Olsson: This is a general period of change in the market, and we are clearly seeing a lot of developments and implementations of various initiatives, which are, of course, creating an environment of volatility. Over time, maybe we will see more alignment and things will settle down.
Coles: Generally speaking, do you think there is enough information about what is affecting the industry out there at the moment or are people sometimes a little in the dark and struggling to get on top of what is happening?
Wissing: I generally think that there is quite a lot of information out there. Of course, there can always be more, and I think that industry bodies such ITFA can make an impact here in terms of working with the regulator, going into specifics, drawing up a paper on XYZ and naming the issues out there. Generally, as an industry, we are quite vocal about these things, but in terms of a body looking after this, this is a great opportunity for ITFA.
Moulas: I fully agree that industry bodies are crucial here. It is already a common understanding in our market that trade finance is lower risk than many other types of financing and assets. Nevertheless it is important to give empirical evidence when speaking with regulators. The ICC Trade Register for example is providing this empirical data about the low-risk profile of trade finance.
Pillow: Do you think there are enough platforms? I know Swift has launched the KYC registry, which is trying to address some of the issues. However there is still a dearth of readily-available information, both on corporates and sometimes even on banks. How do you think the provision of this type of information can be enhanced?
Wissing: It is interesting that you mention Swift, because Barclays is one of the pilot banks for their KYC registry. I think that this is something that, if done right, could be a very powerful tool to drive efficiencies in the collection of KYC data. Swift, for example, is considered by the industry as a highly technologically-advanced company, which also has confidentiality and security measures in place. That said, I think it will take a while for banks – and especially smaller ones – to get their heads around it and really get themselves set up on it. It is definitely an initiative that could really address a need that banks out there have identified.
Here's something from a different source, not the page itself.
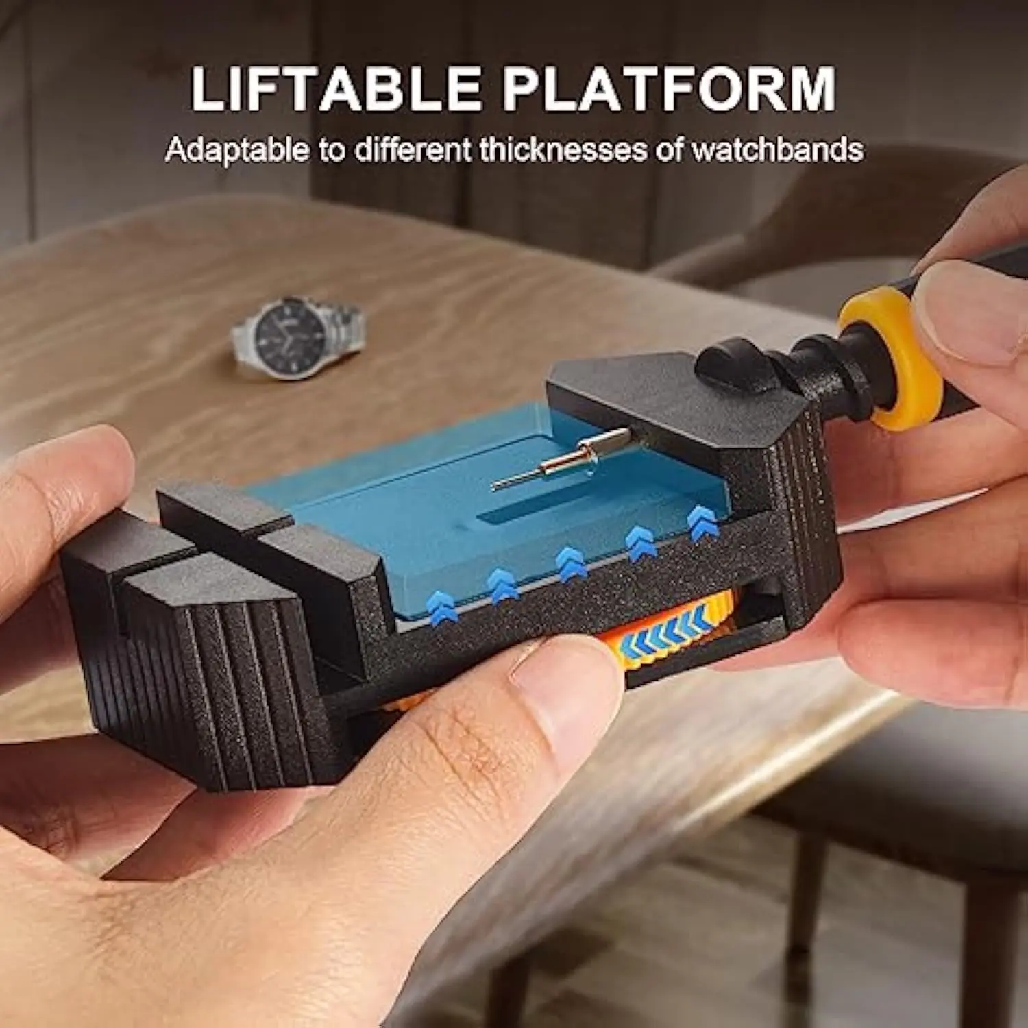 ·【Liftable platform】The liftable platform is designed for better alignment of the punch pin and the watch link pin hole, helping you to complete the adjustment of the strap more efficiently.

Moving on to the next point: which challenges do we think we will see in the next 10 years facing the industry?
Coles: Since I started my career in trade finance, things have evolved enormously, particularly in relation to technology. It is good to have a fresh view on the industry and trade finance, because things that, for example, I would take for granted nowadays, the younger generation would look at in a completely different light. What kind of things have you experienced so far and how do you think that will evolve in the next few years?
Lorente: I am positive about the future of our market. However, this will depend very much on the current efforts of our industry to make clear to the regulators the strong link between our activities and the real economy. We need to prove, with consistent data, the low risk profile of our business. We also need better standardisation in our market as well as more transparency in terms of price-fixing.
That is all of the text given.